I think we are looking at greater and greater automation, particularly when it comes to tasks that have a certain, have an algorithm you know, to how they work. I think where we don’t see taking over is sort of on two ends of the spectrum. One end of the spectrum is the actual creative and strategy. I mean, you can leverage AI in helping develop that strategy and creative, but I still think the actual strategy and creative, there’s a lot of subtlety and complexity into that, that, you know, human marketers with deep experience really are the best poised to, you know, be the ones leading.

I mean, as a company, you want that sort of governance and ownership and leadership, you know, from a human marketer. The other place I actually think you also see you know tremendous human-led marketing capabilities, is actually on managing the martech- adtech stack itself. You know like, again, it’s great to have all this technology that can do all this wonderful production work for us, you know but somebody needs to make sure that the actual architecture of how these pieces fit together and how the data is being managed throughout them, you know that that is properly architected and operated. But in between those two poles, when you talk about things that are largely more, again, sort of machine-like, you know, in how they operate. Not saying they don’t need any human supervision, but a lot of the work is something that could get, you know, boiled down into playbooks or more mechanical steps. I think that’s the place where you’re like, wow, okay, AI seems very likely to be able take large portions of that part of the process and just be able to automate it for us.

Diego Pineda (00:09:55)

So while AI is automating more mid-level tasks, like campaign optimization or asset generation, it’s human decision-making that still shapes the stack and defines what success looks like.

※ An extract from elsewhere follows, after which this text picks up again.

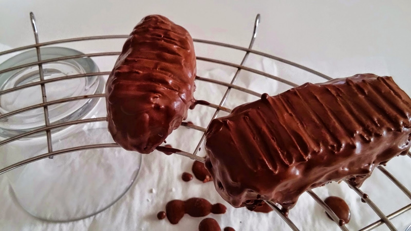 PS : pour celles comme moi qui auraient la mauvaise idée de remettre la grille au frais directement après l'enrobage, pour plus tard ranger les barres dans une boîte... NON ! Les miennes se cassent maintenant que j'essaie de les retirer de la grille. Il faut je pense les laisser durcir à température ambiante et les mettre dans une boîte AVANT de les remettre au frais. :-)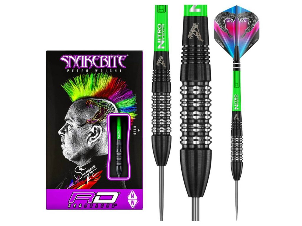 Balenie obsahuje 3 šípky Red Dragon Peter Wright Snakebite Black Strike s hmotnosťou 24g a sú vyrobené z 90% wolfrámu.

That’s something Winston Zhu thinks about every day. He shared how StackAdapt is embedding AI into the platform as a smart layer that drives results behind the scenes.

Winston Zhu (00:10:20)

For our kind of model, so we don’t serve it directly to the clients, meaning we let them to do on the application level, you know, for example, we optimize their campaigns, we generate their creatives. So it’s different from like how users usually think from a ChatGPT perspective, where I need to see and need to give an answer and I need to know how the answer is generated. But here, the user less care about the answer, the user cares about the actual results of their campaign. So what we do is actually we want to find a balance of letting the user give feedback and also let the user see how their campaigns are being optimized based on what reason. I’ll give you an example. For example, if I’m running a CTV ad, but I want this ad to be run so fast, I want to spend my budget immediately. I just put $100 CPM for all my CPS, which, you know of course, will spend your money correctly. But is that the right thing? It’s probably not. It’s not achieving your goal that you really want to solve. So our GenAI model will say, okay, based on the bidding data that we run this campaign for one day, okay, your bid price or your bid price guidance is a little bit too high. So we suggest you put, you know, $25. We won’t make the decision for users. We’re least worried about how this $25 was generated, you know, we’ll use historical data, but the thing we care about is how the user leveraged the results. Because we’re not talking about a chatGPT level of conversation where even if you gave you a wrong answer, no consequences. We’re talking about users spending $100,000 in a campaign that we need the user to have awareness of the results, not to bombard them with, okay, how we calculate this $25. Probably the user doesn’t care. What the user cares about is what is the result. Where is the result generated from? And I’ll make the decision based on my name. I might still want the $100 CPM just because I’m running a prime day or I’m running a rush sales. But it’s all and to end up to the user and we want to respect our user’s decision as well.

Diego Pineda (00:12:34)

And that’s the shift: as more of the execution gets automated, the role of the marketer becomes even more strategic. Choosing when to trust AI—and when to override it—might just be the new competitive advantage.

Scott Brinker  (00:12:52)

Well, we’re in an environment where things are changing very rapidly. So if I were going to future-proof anything, in almost a somewhat abstract way, I’d say you want to focus on your ability to change. There are actually things you can do. Like when you think about how you’re designing your martech stack and which products you’re adopting, are they open? Do they have open APIs? Do they allow it to fit into an ecosystem where you can add new things or remove new things relatively easily? Because even if you don’t necessarily know today what you’re going to want to add and remove a year from now, you can be pretty sure there are going to be things you’re going to want to add or remove a year from now. And so if you’ve designed your stack in a way that makes that easier, I think that is a true competitive advantage.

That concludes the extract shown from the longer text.